Re: [PATCH RESEND] sched: prefer an idle cpu vs an idle sibling for BALANCE_WAKE
From: Mike Galbraith
Date: Wed Jun 03 2015 - 12:53:17 EST
On Wed, 2015-06-03 at 11:57 -0400, Josef Bacik wrote:
> On 06/03/2015 11:30 AM, Mike Galbraith wrote:
> > On Wed, 2015-06-03 at 16:24 +0200, Peter Zijlstra wrote:
> >> On Wed, 2015-06-03 at 10:12 -0400, Rik van Riel wrote:
> >>
> >>> There is a policy vs mechanism thing here.
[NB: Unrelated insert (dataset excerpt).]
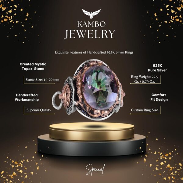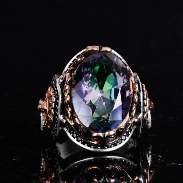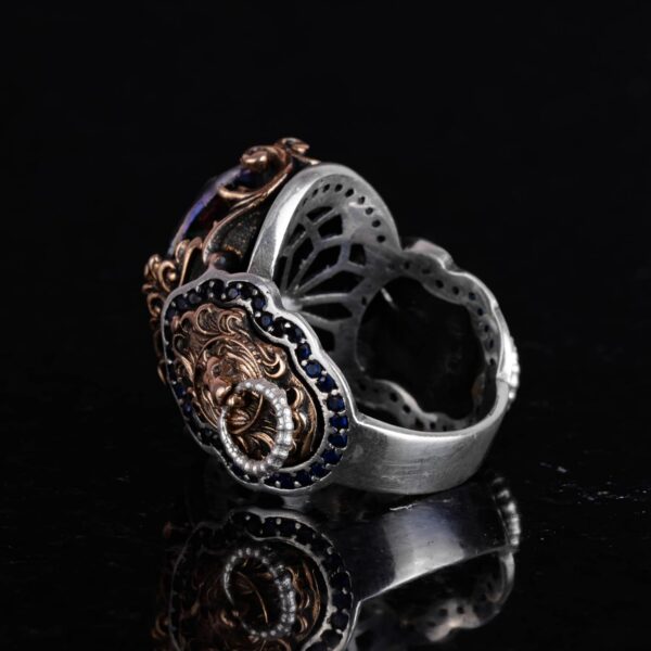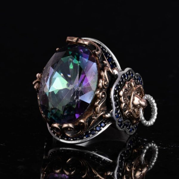Mistik Topaz Yapay Taş Yüzük, Aslan Başı Erkek Yüzüğü, 925 Ayar Gümüş Yüzük, Tasarım Gümüş Erkek Yüzüğü

Ingo and Peter
> >>> are worried about the overhead in the mechanism of finding
> >>> an idle CPU. Your measurements show that the policy of
> >>> finding an idle CPU is the correct one.
> >>
> >> For his workload; I'm sure I can find a workload where it hurts.
> >>
> >> In fact, I'm fairly sure Mike knows one from the top of his head, seeing
> >> how he's the one playing about trying to shrink that idle search :-)
> >
> > Like anything where scheduling latency doesn't heavily dominate. Even
> > if searching were free, bounces aren't, even for the very light.
> >
>
> If scheduling latency doesn't hurt then making the search shouldn't
> matter should it? I get that migrations aren't free, but it seems like
> they can't hurt that much.
Nah, they don't hurt much :)
commit e0a79f529d5ba2507486d498b25da40911d95cf6
Author: Mike Galbraith <bitbucket@xxxxxxxxx>
Date: Mon Jan 28 12:19:25 2013 +0100
sched: Fix select_idle_sibling() bouncing cow syndrome
If the previous CPU is cache affine and idle, select it.
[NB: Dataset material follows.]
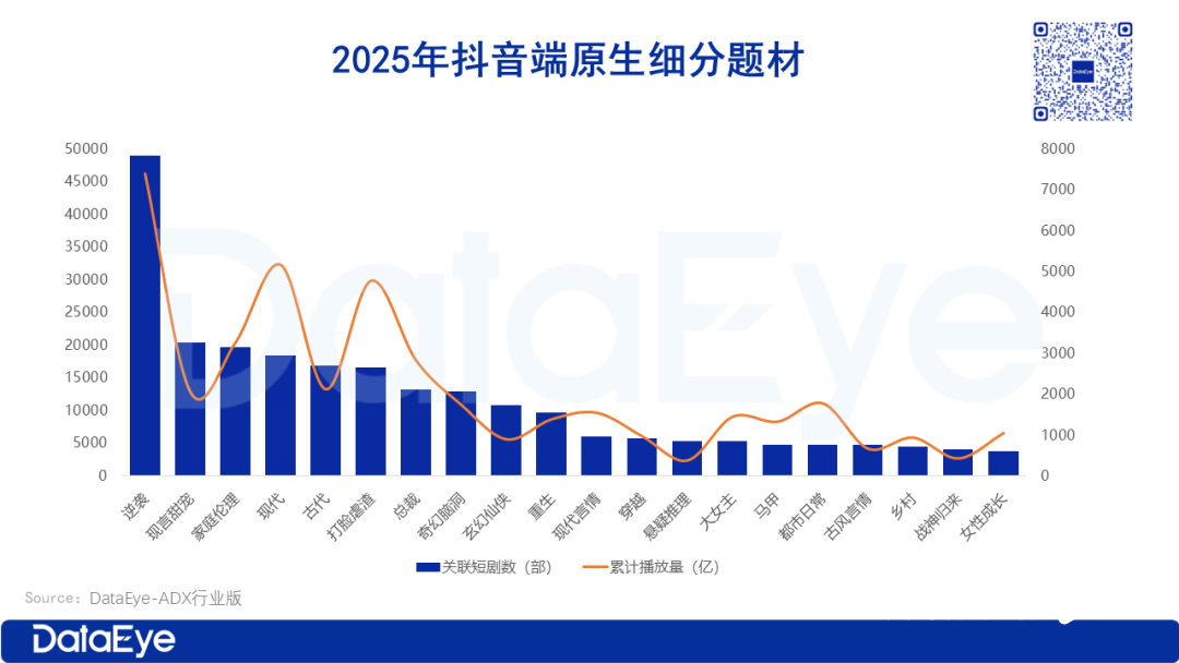 抖音端原生微短剧题材共68种,其中,逆袭、现言甜宠、家庭伦理关联短剧数为TOP3,逆袭、现代和打脸虐渣累计播放量位居TOP3。从供给和需求方面来看,逆袭题材断层领先,关联短剧数达48917部,累计播放量达7389亿。现言甜宠、家庭伦理、古装、奇幻脑洞也是较为热门的题材。乡村题材闯入TOP20,关联4412部微短剧,较上半年的1059部翻了3倍。此类题材内容的增多,主要受下沉本土创作者的产能释放影响。

The current implementation simply traverses the sd_llc domain,
taking the first idle CPU encountered, which walks buddy pairs
hand in hand over the package, inflicting excruciating pain.
1 tbench pair (worst case) in a 10 core + SMT package:
pre 15.22 MB/sec 1 procs
post 252.01 MB/sec 1 procs
> This application is huge, it's our
> webserver, we're doing like 400 requests per second on these things, and
> hands down moving stuff to idle cpus is beating the pants off of staying
> on the same cpu. Is there a specific workload I could build a test for
> that you think this approach would hurt? Thanks,
Search cost hurts fast movers, as does dragging even a small footprint
all over the place, as you can see above.